- Location of Glenrothes and Mid Fife within Scotland
- Subdivision: Fife
- Electorate: 69,734 (March 2020)
- Major settlements: Glenrothes, Levenmouth (part of), Lochgelly, Kelty and Cardenden

Current constituency
- Created: 2005 (as Glenrothes)
- Member of Parliament: Richard Baker (Scottish Labour)
- Created from: Central Fife

= Glenrothes and Mid Fife =

UK Parliament constituency (since 2005)

Glenrothes and Mid Fife (/ɡlɛnˈrɒθᵻs/) is a constituency in Scotland in the House of Commons of the UK Parliament, represented by Richard Baker of the Labour Party since the 2024 general election. The seat was previously held by Peter Grant of the Scottish National Party (SNP). The seat includes the major settlements of Glenrothes, Levenmouth (part of), Lochgelly, Kelty and Cardenden.
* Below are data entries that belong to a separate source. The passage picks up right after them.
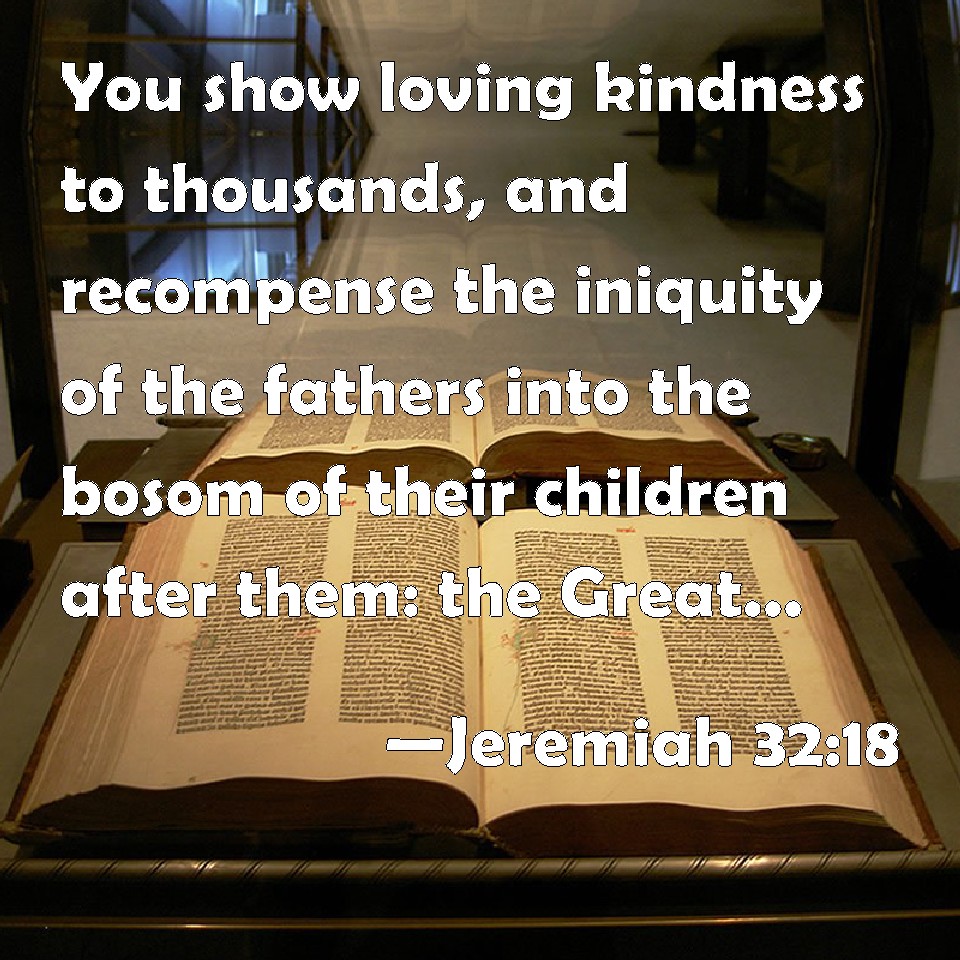 Choose a Background Jeremiah 32:18 You show loving kindness to thousands, and recompense the iniquity of the fathers into the bosom of their children after them: the Great, the Mighty God, the LORD of hosts, is his name, KJV: Thou shewest lovingkindness unto thousands, and recompensest the iniquity of the fathers into the bosom of their children after them: the Great, the Mighty God, the LORD of hosts, is his name, DRB: Thou shewest mercy unto thousands, and returnest the iniquity of the fathers into the bosom of their children after them: O most mighty, great, and powerful, the Lord of hosts is thy name. DBT: who shewest mercy unto thousands, and recompensest the iniquity of the fathers into the bosom of their children after them, thou, the great, the mighty God, Jehovah of hosts is his name; ERV: which shewest mercy unto thousands, and recompensest the iniquity of the fathers into the bosom of their children after them: the great, the mighty God, the LORD of hosts is his name: WBT: Thou showest loving-kindness to thousands, and recompensest the iniquity of the fathers into the bosom of their children after them: the Great, the Mighty God, JEHOVAH of hosts, is his name, WEB: who show loving kindness to thousands, and recompense the iniquity of the fathers into the bosom of their children after them; the great, the mighty God, Yahweh of Armies is his name; YLT: Doing kindness to thousands, and recompensing iniquity of fathers into the bosom of their sons after them; God, the great, the mighty, Jehovah of Hosts is His name,Links Jeremiah 32:18 NIV • Jeremiah 32:18 NLT • Jeremiah 32:18 ESV • Jeremiah 32:18 NASB • Jeremiah 32:18 KJV • Jeremiah 32:18 Interlinear • Jeremiah 32:18 Commentaries • Jeremiah 32:18 Parallel Texts • Jeremiah 32:18 Bible Apps • Jeremiah 32:18 Parallel • Bible Hub |
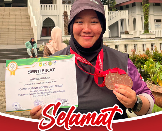 Juara 2 Tim Barebow Umum Putri dan Juara 3 Bantalan Barebow Umum Putri pada Piala Dinas Pemuda dan Olahraga Kabupaten Bogor 2025. Reisya Andara (20230700004) mahasiswi Fakultas Sains dan Teknologi Program Studi Sistem Informasi | |
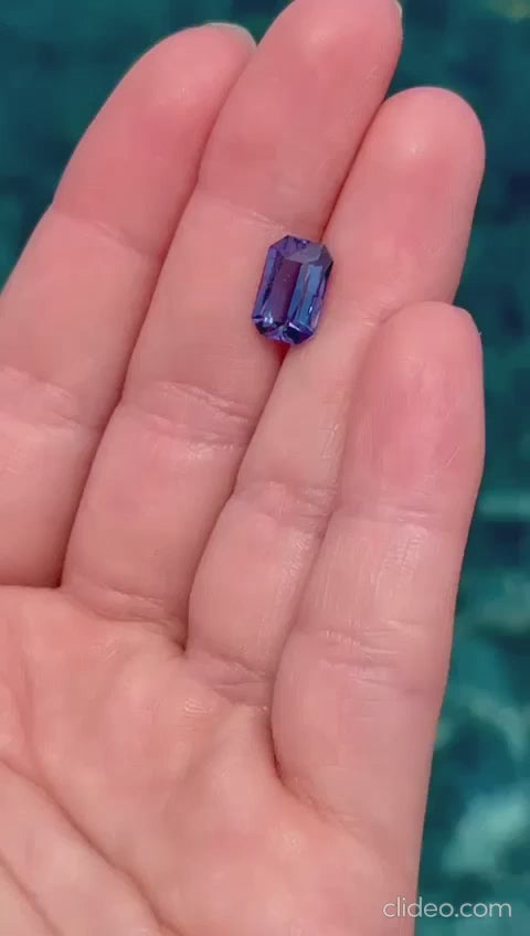 An interesting Tanzanite is quite a non-standard color. Usually it is a warm blue turning into purple. This handsome man has a cold blue, closer to sapphire. The cut is also on top.

It was created at the 2005 general election as Glenrothes, and renamed as Glenrothes and Mid Fife for the 2024 general election under the 2023 review of Westminster constituencies.

==Boundaries==

2005–2024: Under the Fifth Review of UK Parliament constituencies, the constituency boundaries were defined in accordance with the ward structure in place on 30 November 2004 and contained the Fife Council wards of Cardenden, Cluny and Chapel; Kinglassie, Bowhill and Dundonald; Wemyss and Muiredge; Buckhaven and Denbeath; Methilhill; Methil; Leven West and Kirkland; Kennoway; Windygates, Star and Balgonie; Markinch and Woodside East; Auchmuty and Woodside West; Pitteuchar and Finglassie North; Thornton, Stenton and Finglassie South; Caskieberran and Rimbleton; Newcastle and Tanshall; South Parks and Macedonia; Leslie and Whinnyknowe; Balgeddie and Collydean; Cadham, Pitcoudie and Balfarg.

2024–present: Under the 2023 review of Westminster constituencies which came into effect for the 2024 general election, the renamed constituency contains the following wards or part wards of Fife Council:

- In full: Lochgelly, Cardenden and Benarty; Glenrothes West and Kinglassie; Glenrothes North, Leslie and Markinch; Glenrothes Central and Thornton; Buckhaven, Methil and Wemyss Villages.
- In part: Cowdenbeath (community of Kelty).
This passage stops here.